Source material —
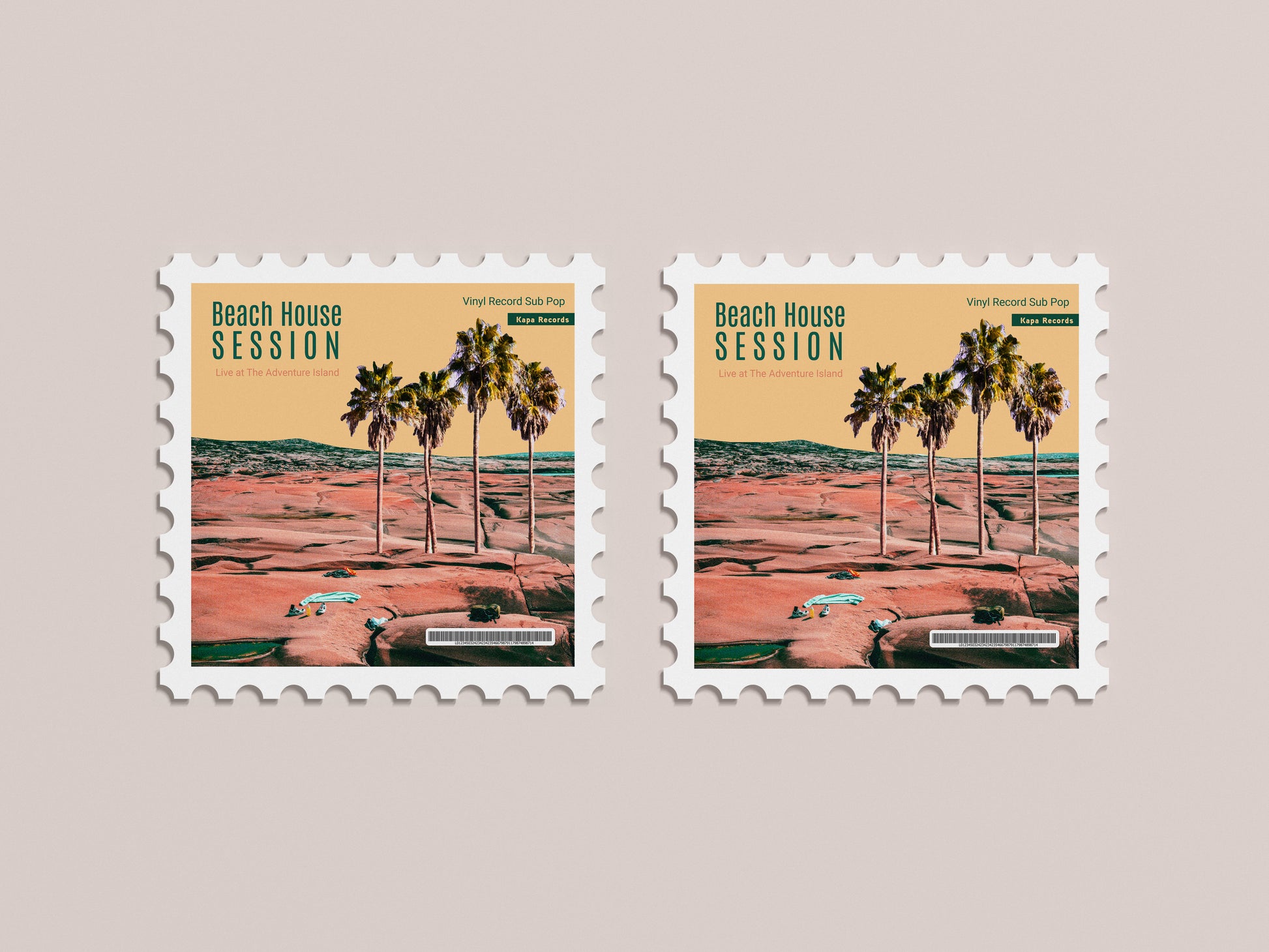 “Beach House Session” is a dreamy retro-inspired design featuring a surreal coastal collage: warm desert-like textures blended with teal ocean tones, accented by tall palm trees under a pastel sky. The bold vintage typography evokes the aesthetics of indie vinyl records, perfectly balancing music, nostalgia, and tropical vibes.
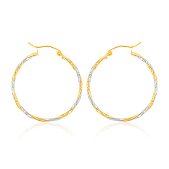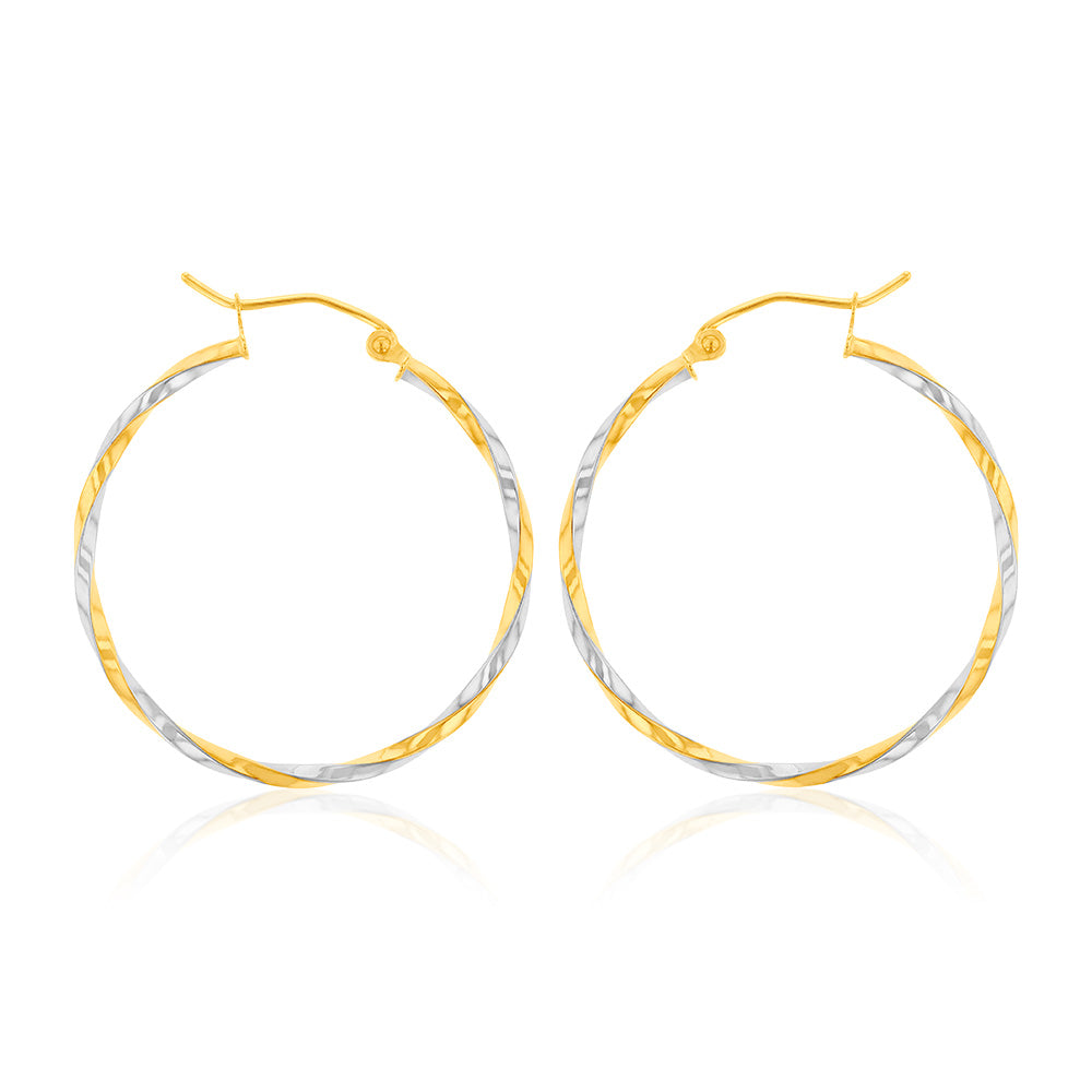 9ct Two Tone Gold High Polish Twist Hoop Earrings
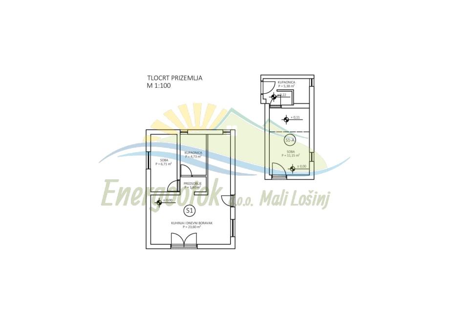 - Dijelovi stana - dnevni boravak, kuhinja, spavaća soba i kupaona - površine 36,84 m²
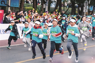近日,2024上合昆明马拉松在云南昆明滇池湖畔的海埂会堂前鸣枪开跑。图为参加亲子跑的选手在比赛中。 新华社记者 胡超摄
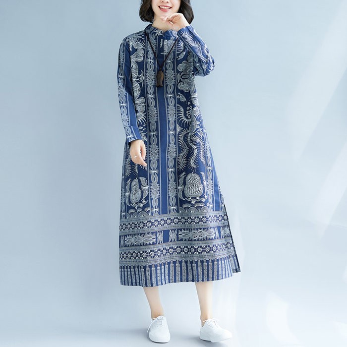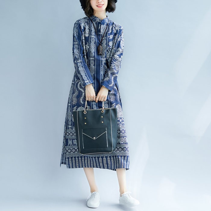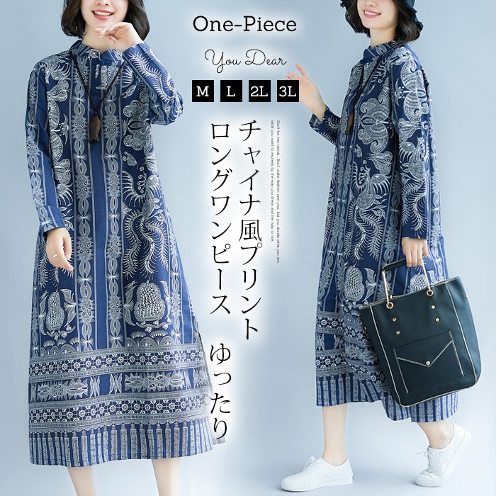 ■キーワード:ワンピース レディース 大きいサイズ ロングワンピース マキシワンピース ゆったり 体型カバー レディース 大きいサイズ ロング丈 マキシワンピース Aライン ワンピ 長袖 ブルー プリント 秋ワンピース 森ガール 大人 可愛い おしゃれ ワンピース ママワンピース 着痩せ ■使用シーン等:お呼ばれ 普段使い 通学 通勤 オフィス OL ママ お食事会20代 30代 40代 50代★サイズ:(単位cm)M:バスト102 袖丈53 肩幅39 着丈116L:バスト106 袖丈54 肩幅40 着丈116XL:バスト110 袖丈55 肩幅41 着丈1172XL:バスト112 袖丈56 肩幅41 着丈117

About this exercise —
Leave nothing out but the pictures when transcribing the records.

Task response —
 “Beach House Session” is a dreamy retro-inspired design featuring a surreal coastal collage: warm desert-like textures blended with teal ocean tones, accented by tall palm trees under a pastel sky. The bold vintage typography evokes the aesthetics of indie vinyl records, perfectly balancing music, nostalgia, and tropical vibes.
 9ct Two Tone Gold High Polish Twist Hoop Earrings
 - Dijelovi stana - dnevni boravak, kuhinja, spavaća soba i kupaona - površine 36,84 m²
近日,2024上合昆明马拉松在云南昆明滇池湖畔的海埂会堂前鸣枪开跑。图为参加亲子跑的选手在比赛中。 新华社记者 胡超摄
 ■キーワード:ワンピース レディース 大きいサイズ ロングワンピース マキシワンピース ゆったり 体型カバー レディース 大きいサイズ ロング丈 マキシワンピース Aライン ワンピ 長袖 ブルー プリント 秋ワンピース 森ガール 大人 可愛い おしゃれ ワンピース ママワンピース 着痩せ ■使用シーン等:お呼ばれ 普段使い 通学 通勤 オフィス OL ママ お食事会20代 30代 40代 50代★サイズ:(単位cm)M:バスト102 袖丈53 肩幅39 着丈116L:バスト106 袖丈54 肩幅40 着丈116XL:バスト110 袖丈55 肩幅41 着丈1172XL:バスト112 袖丈56 肩幅41 着丈117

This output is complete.